Originating Author: Nathan Thompson
With an enormous amount of bad press surrounding tape (primarily submitted by disk-only vendors) it is interesting that customers continue to deploy it as a fail-safe “backstop.” I will expand on this point.
In its most severe form "loss of data" is equivalent to “loss of enterprise.” Given the dependency of organizations on IT and IT applications, the cost of downtime has grown to an average of $3M per hour (for Fortune 1000 companies). But what happens in the event of permanent data loss? It’s catastrophic - even potentially deadly when one considers the full impact on our information driven military, health care, energy and public services sectors.
Disk based backup has a significant role in IT. Labor can be saved, remote backups can be consolidated and user initiated fast restores all produce economic benefit. However, in rare events, disks systems are subject to hardware failure, application failure, hash failures, undetected bit errors, operating system failure, fire, flood, accidental deletion and even sabotage. Organizations will always depend on tape for a final backstop, guarding against the unthinkable—simply because the unthinkable is un-survivable.

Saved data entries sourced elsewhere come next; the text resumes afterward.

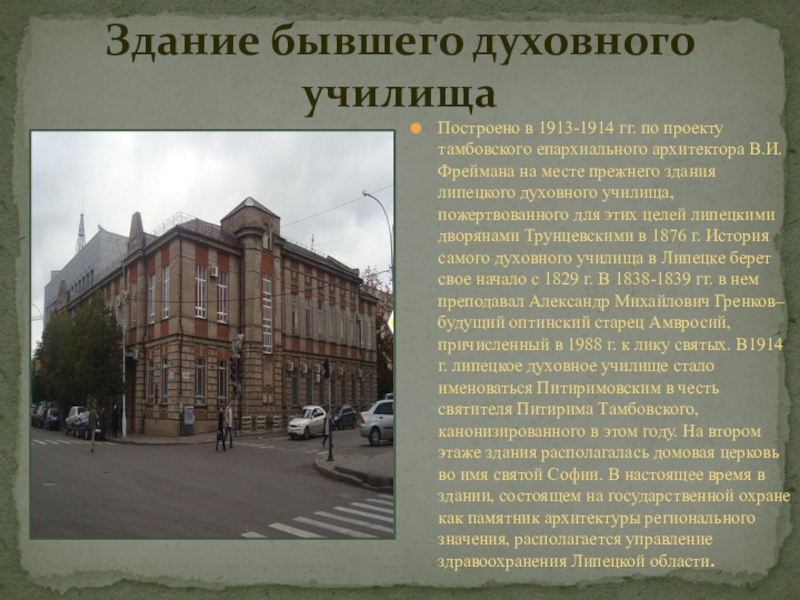 архитектора В.И. Фреймана на месте прежнего здания липецкого духовного училища, пожертвованного для этих целей липецкими дворянами Трунцевскими в 1876 г. История самого духовного училища в Липецке берет свое начало с 1829 г. В 1838-1839 гг. в нем преподавал Александр Михайлович Гренков– будущий оптинский старец Амвросий, причисленный в 1988 г. к лику святых. В1914 г. липецкое духовное училище стало именоваться Питиримовским в честь святителя Питирима Тамбовского, канонизированного в этом году. На втором этаже здания располагалась домовая церковь во имя святой Софии. В настоящее время в здании, состоящем на государственной охране как памятник архитектуры регионального значения, располагается управление здравоохранения Липецкой области.
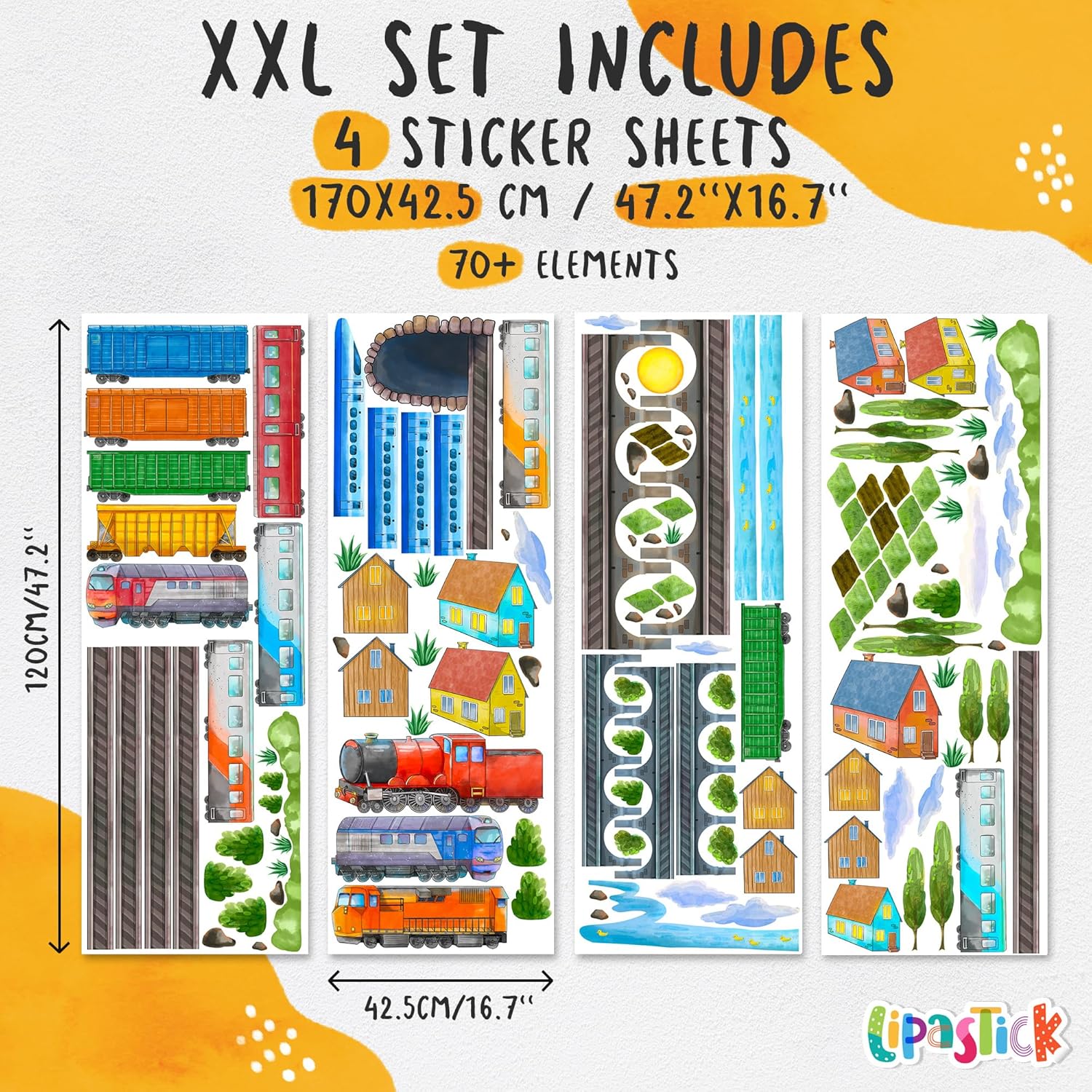 Train Wall Decals for Kids by Lipastick - Educational Railroad Wall Stickers for Boys and Girls - Peel and Stick Locomotive, Carriage, Wagon Wall Decals for Nursery, Playroom, Bedroom Decor -XXL Size
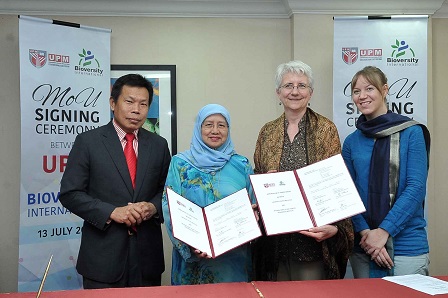 SERDANG, July 20 – Universiti Putra Malaysia (UPM) and Bioversity International have signed a Memorandum of Understanding (MoU) to develop collaborative opportunities to enhance the performance of UPM in research, particularly in agriculture, forestry and biotechnology in the international arena.

From Spectra Logic’s perspective, we see tape as a growth market. There has been much market consolidation and many vendors have failed or are on the path to failure. Given our financial stability, and long term (non public, non-VC funded) orientation we have been able to invest and expand our market share for the last 29 years. Our customers continue to use tape. In all of our known cases, after an extensive process of technology investigation, none of our customers have migrated entirely away from tape storage.
From my perspective as CEO of a profitable and growing tape library company, I’m going to take this time to predict a few relevant trends in this industry:
- First, LTO has become the dominant tape format. Over the last five years we have seen the demise or near demise of Mammoth, QIC, DLT, AIT, SAIT, Travan, 9940 and SDLT. I predict that we will view the near demise of T10000, 9840 and possibly DAT over the next three years. IBM’s 3592 (AKA TS11x0, which incidentally shares its underlying technology with LTO giving it the cost and quality benefits of high volume production) and LTO will carry on through 2020.
- Second, there will only be three or four relevant library manufacturers in three years. The volume and price leader will be BDT, who will continue to sell its products through OEMs such as HP, Dell and Sun. The brand leader will be IBM, who will continue to take share and ultimately dominate mainframe attached tape. The technology leader is and will continue to be Spectra Logic - further adding to its intellectual property portfolio of library encryption, density, disk integration, Media Lifecycle Management, connectivity, reliability and ease of use. There may be a few companies servicing their installed base, but generally the supplier base will have shrunk to just a few leaders.
- Third, in three years the industry pundits will continue to predict the “death of tape”, as they have for the last 46 years.
Action Item: Continue to use tape as a backstop against catastrophic data loss. But be careful in your vendor and media selection. Make sure that the the standards you choose will be supported for years to come so that in the unlikely case you need to get to your data, you can.